Ensemble Learning Methods

Ensemble learning is another extensively used category in the prediction field. It is the process that combines many classifiers to achieve better prediction accuracy with high confidence estimation. Ensemble learning aims to overcome: data size issues, features heterogeneity in dataset, or even the complexity of single classifier’s decision boundaries. Ensemble methods can be generated by one of the most common following techniques: bagging, boosting, voting, and stacking. However, in this last subsection, we will discuss some of the widely used and founded ensemble prediction techniques in a green cloud computing environment.

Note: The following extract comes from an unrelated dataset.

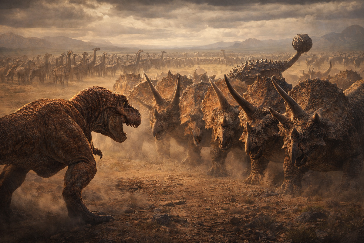 Но теперь посмотрите вперед. На вас медленно, как один живой бастион, разворачивается трицератопс. Его костяной воротник — неприступная стена. Три рога направлены прямо на вас, каждый длиной с вашу голень. Рядом с ним встает анкилозавр, приседающий, как средневековый рыцарь, чтобы взмахнуть хвостом с костяной булавой. А за ними — целое море спин, клювов и внимательных глаз.

Since each cloud provider (CP) has its own implementation idiosyncrasies, this author [93] provides a new very generic elasticity framework called VADARA that transparently connects and abstracts several CPs API behaviors. Then, to forecast future workload demand using these various elasticity strategies, it introduces a padding of several individual forecasting methods combined in a single forecasting technique. The proposed combination uses a weighted k-nearest neighbors algorithm, which outputs a weighted average of the k methods with the lowest error value for recent forecasts. Another framework [94] was designed to predict application execution times with a given resource (VM number) in a Hadoop virtual environment using three-phase prediction process. The first is an application’s behavior analysis phase, the second is a creation of training dataset phase, and the last phase trains various ML algorithms using an ensemble learning bagging combined with M5P (regression tree) and LR (linear regression) to find the best classifiers. Experimental results concluded that linear regression model shows less accuracy than M5P model, because the training dataset attributes used in this study have nonlinear effects depending on the system behavior, resource consumption, and workload. Again, the bagging approach has been used in [95] through an improved version, to reduce the prediction error for learning the selected algorithms set with default parameters: (SVM, random forest, K-nearest neighbor, and neural network). In this improved version, instead of just randomly taking samples from dataset and using each one to build a separate model, it applies re-weighting on the training set to prevent under-performing the ensemble members. Finally, to select the best fit n models from improved and unstable models, the hill climbing approach was taken into consideration.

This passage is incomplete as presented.